I am acting as a customer hiring translators for a project (localization). I analyzed my source files in Trados and got the following statisctis:
Files: 262
Segments Words Characters
PerfectMatch 0 0 0
Context Match 0 0 0
Repetitions 240 1131 6436
Cross-file Repetitions 1574 7374 37334
100% 366 377 1226
95% - 99% 4 7 57
85% - 94% 0 0 0
75% - 84% 0 0 0
50% - 74% 0 0 0
New 2136 14748 87224
Total 4320 23637 132277

Question 1: We've agreed with the translator, that we're not paying for repetitions, only for new segments. That means that cross-file repetitions and 100% match should not be paid for as well. Am i right in assuming so?
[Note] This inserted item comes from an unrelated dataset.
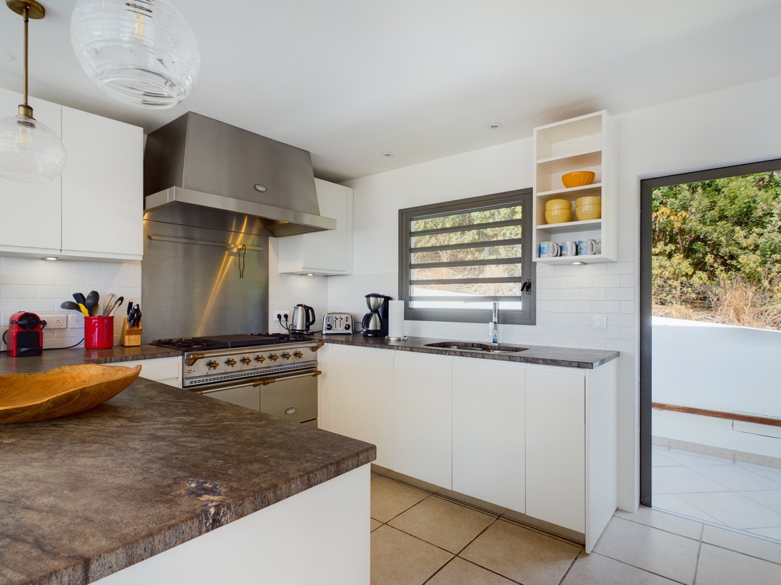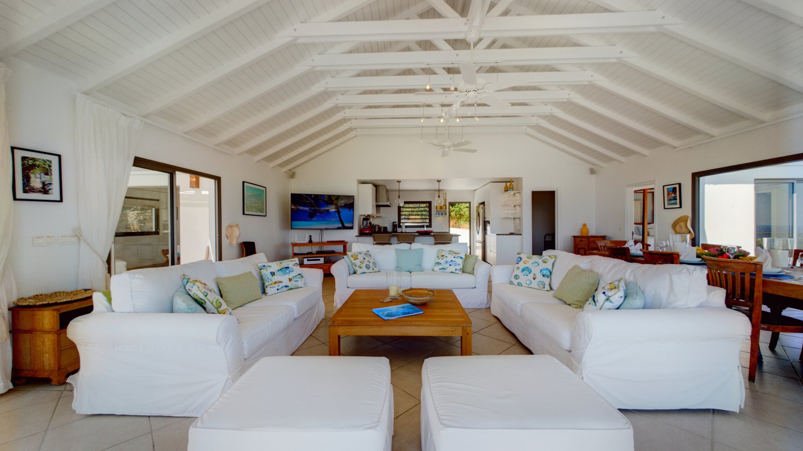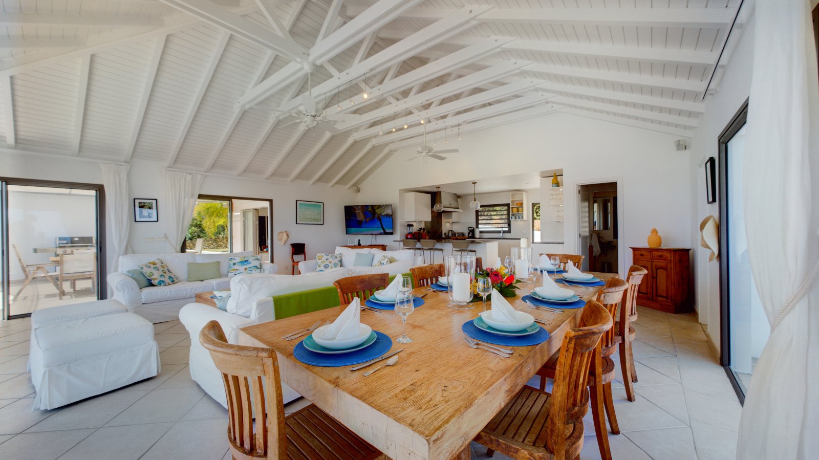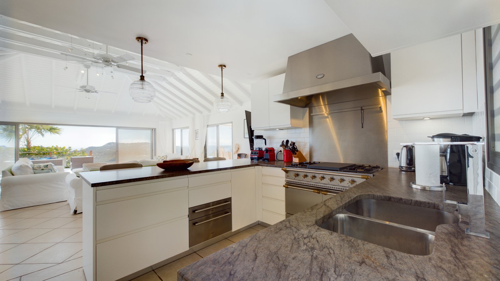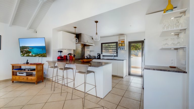 Villa Mirador offers a welcoming living room with comfortable sofas and adjacent to the indoor and outdoor dining areas. At the back of the villa, the kitchen is modern and well-equipped. This large room opens onto the terrace and the view.

Question 2: The project package already includes a translation memory with a small amount of translated segments. I was surpised to see so few fuzzy matched in the report. I know the content of these source files and I think there should be more fuzzy matches.
Am I right in assuming, that Trados will identify fuzzy matches only when I run the same analysis after the translation has been completed and the translation memory has been populated with translations?

I'm sorry if this has been discussed before. Please, point the links to dicsussions.


Direct link Reply with quote
 

Roy Oestensen  Identity Verified
Norway
Local time: 08:02
Member (2010)
English to Norwegian (Bokmal)
+ ...
Crossfile repetitions: Repetitions between two or more documents Apr 9, 2015

I understand crossfile repetitions to be segments that are identical in two different documents. So if you send both documents to the same translator, I think it is fine to take that into account. If you, on the other hand split the documents between two or more translators, they won't get the benefit of this type of repetitions, and then it would be right to pay in full.

This could be important, because I have experienced that an agency that I am working for, have analysed all files in one go and not taken into account that a substantial part was cross file repetitions. The result was that the analysis that I got, had a substantially lower number of repetitions, which made for some disagreements.

Fuzzy matches, that is segments that are similar to whatever is in the TM. So if the TM is almost empty, Studio would not find much. Of course you would have fuzzy propagation, but I don't think CAT tools take those into account.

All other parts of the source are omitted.